TASK TO CARRY OUT: Starting with the first line and ending with the one that holds "عاملة منزلية", retype the entries exactly.

◇ ◇ ◇ ◇ ◇

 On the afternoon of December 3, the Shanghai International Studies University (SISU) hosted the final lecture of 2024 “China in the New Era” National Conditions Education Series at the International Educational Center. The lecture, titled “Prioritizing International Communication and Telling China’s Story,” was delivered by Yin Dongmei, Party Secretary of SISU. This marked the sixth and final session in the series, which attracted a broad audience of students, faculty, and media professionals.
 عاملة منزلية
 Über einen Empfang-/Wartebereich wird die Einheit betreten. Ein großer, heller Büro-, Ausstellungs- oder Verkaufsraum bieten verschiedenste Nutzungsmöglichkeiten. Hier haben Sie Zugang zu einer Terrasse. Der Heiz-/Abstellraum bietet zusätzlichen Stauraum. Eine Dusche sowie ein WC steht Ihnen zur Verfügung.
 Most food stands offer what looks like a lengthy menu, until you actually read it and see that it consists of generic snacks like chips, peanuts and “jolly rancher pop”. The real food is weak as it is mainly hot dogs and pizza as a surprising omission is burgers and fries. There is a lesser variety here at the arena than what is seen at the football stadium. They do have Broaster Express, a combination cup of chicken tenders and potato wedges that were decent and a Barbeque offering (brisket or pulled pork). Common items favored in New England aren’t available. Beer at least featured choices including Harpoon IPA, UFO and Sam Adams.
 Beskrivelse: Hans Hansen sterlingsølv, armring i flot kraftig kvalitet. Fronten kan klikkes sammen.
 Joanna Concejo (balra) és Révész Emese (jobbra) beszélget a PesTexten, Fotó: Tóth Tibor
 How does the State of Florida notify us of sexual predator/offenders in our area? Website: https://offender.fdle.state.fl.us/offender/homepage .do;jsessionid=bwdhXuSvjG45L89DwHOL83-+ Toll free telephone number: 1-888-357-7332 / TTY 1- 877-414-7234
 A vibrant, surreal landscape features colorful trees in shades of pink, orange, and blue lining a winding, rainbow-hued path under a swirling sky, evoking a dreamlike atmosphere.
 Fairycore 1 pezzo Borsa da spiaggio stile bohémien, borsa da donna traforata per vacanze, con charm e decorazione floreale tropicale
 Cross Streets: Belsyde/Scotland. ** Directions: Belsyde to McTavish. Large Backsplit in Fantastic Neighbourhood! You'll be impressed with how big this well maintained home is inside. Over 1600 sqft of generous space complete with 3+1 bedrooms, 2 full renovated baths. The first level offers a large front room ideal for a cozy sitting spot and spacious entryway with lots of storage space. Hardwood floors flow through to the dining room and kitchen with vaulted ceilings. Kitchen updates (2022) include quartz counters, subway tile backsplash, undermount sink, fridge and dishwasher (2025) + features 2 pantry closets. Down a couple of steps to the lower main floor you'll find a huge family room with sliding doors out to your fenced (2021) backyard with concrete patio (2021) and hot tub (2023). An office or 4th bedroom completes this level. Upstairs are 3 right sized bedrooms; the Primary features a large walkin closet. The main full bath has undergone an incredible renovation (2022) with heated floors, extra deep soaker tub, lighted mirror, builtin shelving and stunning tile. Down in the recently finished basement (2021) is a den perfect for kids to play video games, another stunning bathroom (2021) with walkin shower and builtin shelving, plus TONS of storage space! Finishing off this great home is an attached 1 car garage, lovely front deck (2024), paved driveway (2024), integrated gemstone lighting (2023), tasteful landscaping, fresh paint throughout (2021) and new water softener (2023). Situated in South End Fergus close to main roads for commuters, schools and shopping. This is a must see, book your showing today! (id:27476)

◇ ◇ ◇ ◇ ◇

WRITTEN SOLUTION:
 On the afternoon of December 3, the Shanghai International Studies University (SISU) hosted the final lecture of 2024 “China in the New Era” National Conditions Education Series at the International Educational Center. The lecture, titled “Prioritizing International Communication and Telling China’s Story,” was delivered by Yin Dongmei, Party Secretary of SISU. This marked the sixth and final session in the series, which attracted a broad audience of students, faculty, and media professionals.
 عاملة منزلية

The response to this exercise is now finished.